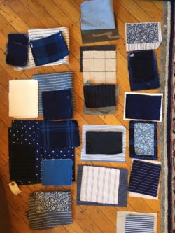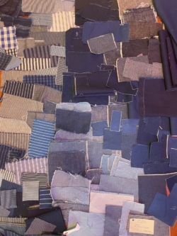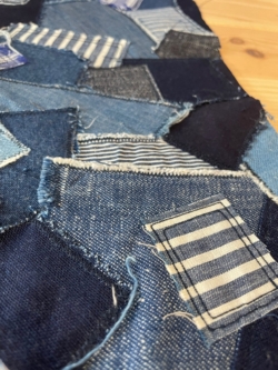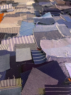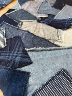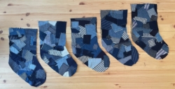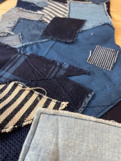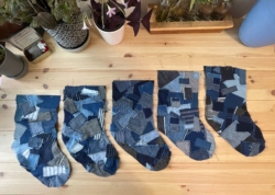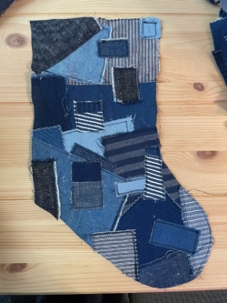 Christmas stalkings were commissioned by Three Looms. 20 stalkings to be holiday gifts to their most important clients. Made from their quality indigo fabric to be pieced and patched together inspired by the classic Japanese distressed quitting look.
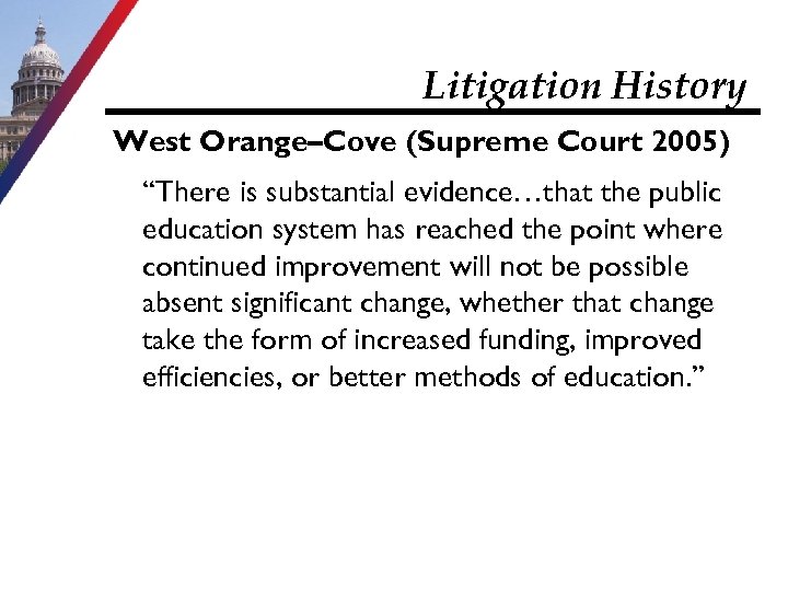 Litigation History West Orange–Cove (Supreme Court 2005) “There is substantial evidence…that the public education system has reached the point where continued improvement will not be possible absent significant change, whether that change take the form of increased funding, improved efficiencies, or better methods of education. ”
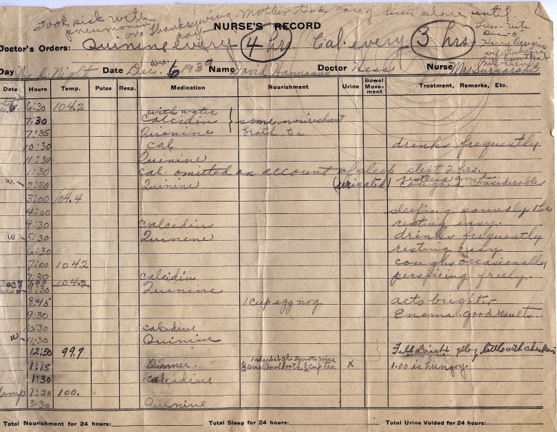 Chart from the December 1939 hospitalization of David D. Hanneman for pneumonia.
# # # # # # #
**The task**
An exact repeat of the listing above, pictures excluded, is the answer.

**Output below**
 Christmas stalkings were commissioned by Three Looms. 20 stalkings to be holiday gifts to their most important clients. Made from their quality indigo fabric to be pieced and patched together inspired by the classic Japanese distressed quitting look.
 Litigation History West Orange–Cove (Supreme Court 2005) “There is substantial evidence…that the public education system has reached the point where continued improvement will not be possible absent significant change, whether that change take the form of increased funding, improved efficiencies, or better methods of education. ”
 Chart from the December 1939 hospitalization of David D. Hanneman for pneumonia.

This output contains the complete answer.